Никто не удивился моей внезапной болтливости. Разбойник втянул голову в плечи – этот куриный жест никак не вязался с его мощным телосложением, одиноким глазом и черной бородой.
– Судья – он сам по себе и палач. – Женщина нервно огляделась, как до того оглядывался разбойник. – Он как присудит – так и будет, это уж точно… Донесли на меня, будто я того купца отравила. А не травила я, его удар хватил, я только денежки потом пособирала…
Она прикусила губу и повторила жест разбойника – втянула голову в плечи. Я поймал себя на смутном желании сделать то же самое.

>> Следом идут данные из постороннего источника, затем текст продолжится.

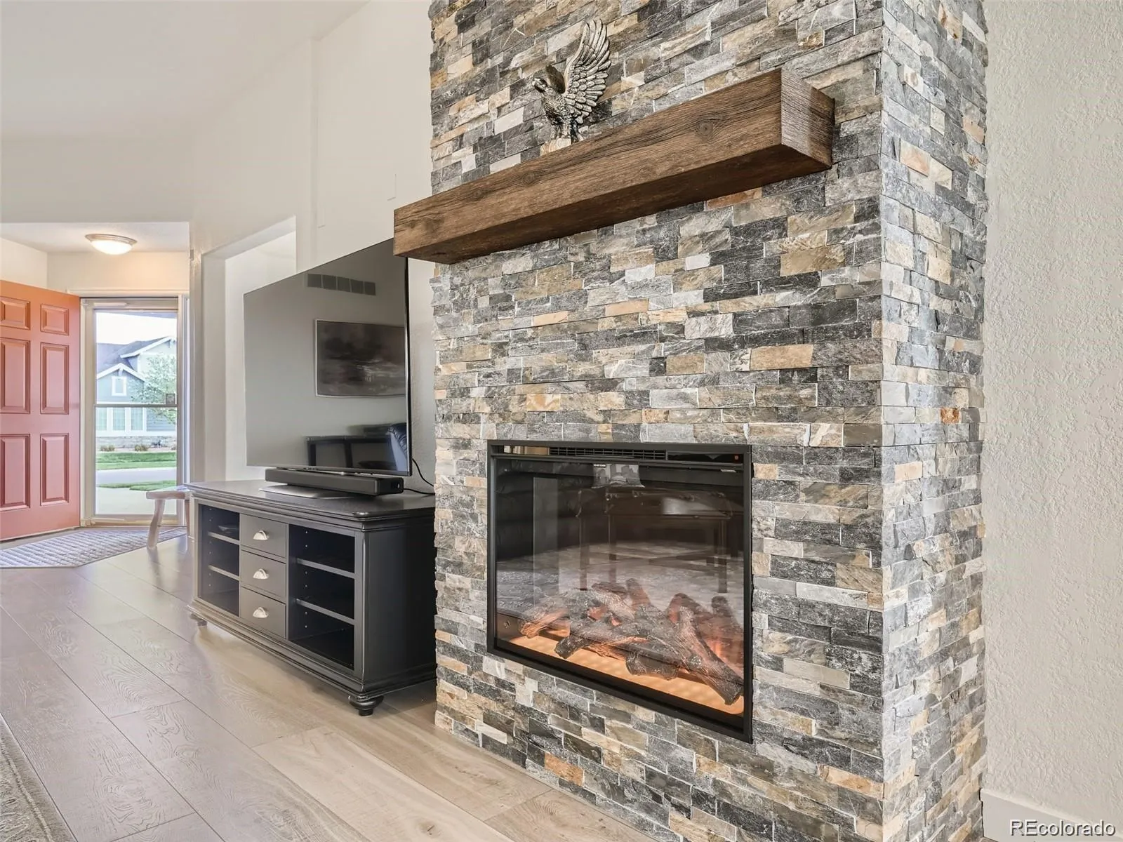 This updated 3-bedroom, 3 bath duplex is located in the highly sought-after Heritage Eagle Bend gated 45+ active adult community. The open floor to ceiling Ledger stone surrounding newer electric fireplace, high density luxury vinyl planking in the entryway, main room, kitchen, dining areas, laundry room and bathrooms, along with 4″ baseboards and newer paint throughout. The kitchen has newer stainless-steel appliances including a newer gas oven/stove or electric if needed. The primary bedroom includes a private bath with two sinks and walk-in closet There is also a second bedroom/office, full bath and laundry room. The main level provides an extended rear deck of maintenance free Trex material and includes a gas line for all your grilling needs (grill included). Upgraded HVAC thermostat. The lower level features a newly added third bedroom, full bath, great room storage and a walkout to a lower deck. Residents can enjoy a low maintenance lifestyle with community-maintained landscaping, lawn service and exterior building paint and roof upkeep. The Beautiful 30,000 square foot clubhouse provides many meeting rooms, the Eagles Nest restaurant/bar, welcome desk, workout facility, member clubs, billiards and indoor pool with sauna as well as a hot tub. The outdoor actives include bocce, outdoor pool, pickleball, tennis and golf. The central location provides easy access to E-470 to Denver International Airport, mountains, and I-25 to points north and south.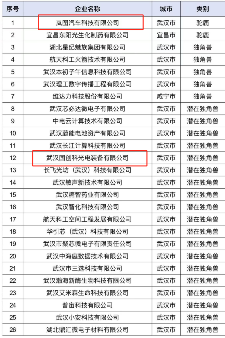 近日,《2024年湖北省科创“新物种”企业名单》发布,入选科创“新物种”企业951家,其中驼鹿企业2家,独角兽企业5家,潜在独角兽企业21家,瞪羚企业923家。湖北产融受托管理的中鑫高投光谷同泽(湖北)产业投资基金投资的岚图汽车科技有限公司,入选2024年湖北省“驼鹿”企业、长江鑫时代鄂州产业投资基金投资的武汉国创科光电装备有限公司入选2024年湖北省“潜在独角兽”企业。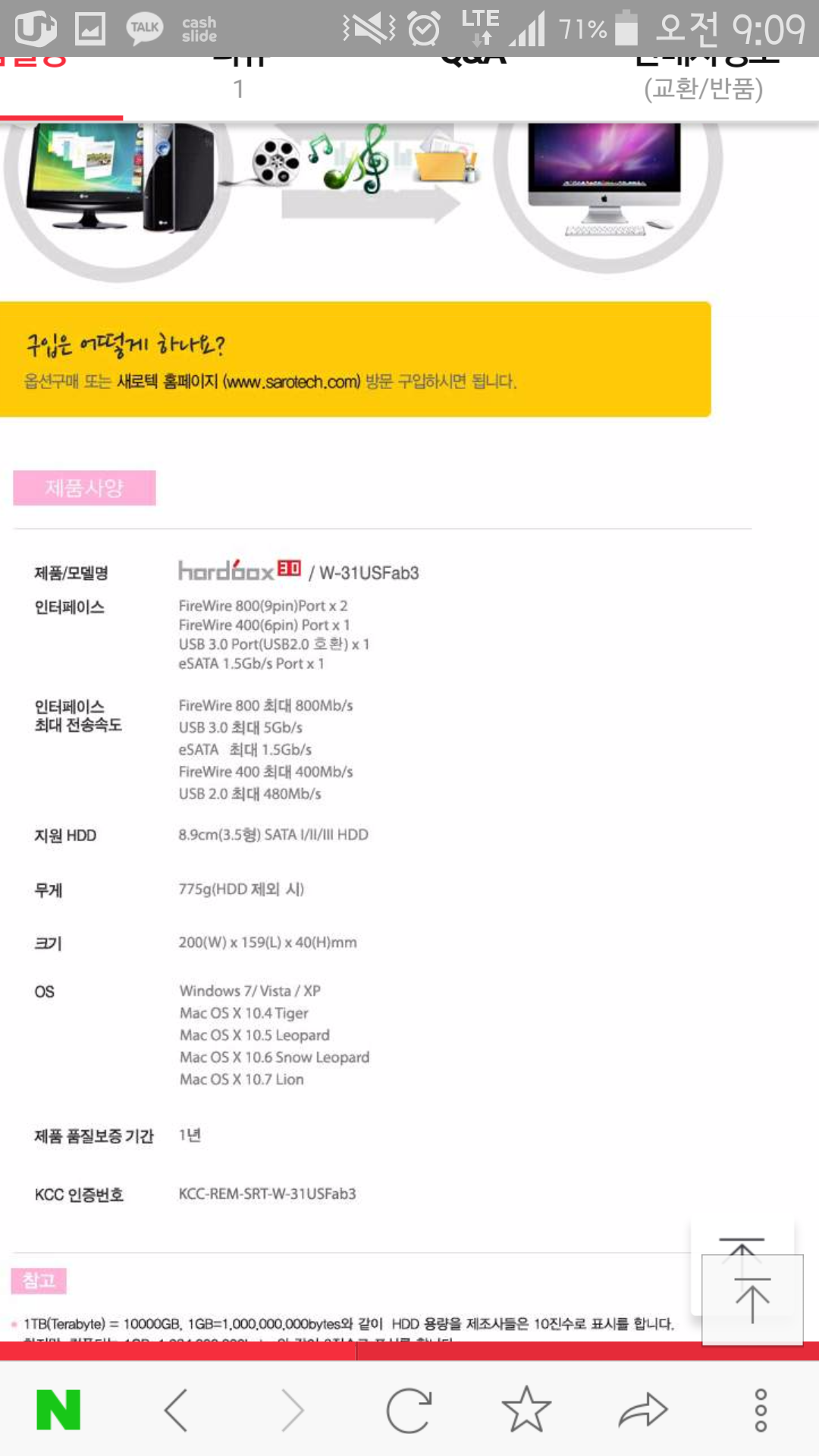 혹시 제가 첨부한 사진의 저 외장하드를 파이어와이어 400케이블로 연결해서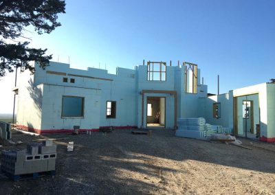 Built using Nudura ICF blocks, the home had 9,642 sq. ft. of exterior ICF walls and total conditioned space of 4,653 sq. ft. This wasn’t intended to be your average residential home. Cedar Hills, Texas, is at very high risk of tornados, with an average of four hitting the town each year. The homeowners wanted a safe room along with more interior walls than usual, and some challenging decorative touches such as arches poured out of concrete.

– А вас, молодой господин, в чем обвиняют?
Простой и доброжелательный вопрос. Еще не дослушав его до конца, я обнаружил вдруг, что мой подбородок надменно вздернут.
Старикашка смутился:
– Ни-ни… Я не хотел, что вы…
– Судья сразу увидит, что я невиновная, – быстро сообщила женщина. – Нет моей вины в его смерти, нет, нет!..
– Не болтай, – мягко посоветовал старикашка. – Разве есть доказательства, что ты травила? Яд у тебя нашли? Или у того покойника в животе яд отыскали? Или кто-то видел, как ты травила его, а?
Женщина мотнула головой.
– Доказательства! – Старикашка воздел тонкий длинный палец. – Если доказательств никаких нет…
– Дурак! – сипло прошептал разбойник. – Судья… Он…
Женщина открыла рот, чтобы что-то сказать, но осеклась. И все замолчали, как по команде; в Судной камере воцарилась тишина, огоньки свечей некоторое время стояли неподвижно и остро, и я почувствовал, как по коже подирает мороз.
Кажется, наверху скрежетнула лебедка. Тюремщик?
Железная крышка лежала грузно, дышать становилась все труднее, они уморят нас как крыс, может быть, в этом и заключается справедливость Судной ночи?!
– Тихо, – прошептал разбойник, хотя все и так сидели, затаив дыхание. – Тихо… Тихо…
Рядом с моим лицом ползла по мокрому камню седая мокрица с прозрачным брюхом.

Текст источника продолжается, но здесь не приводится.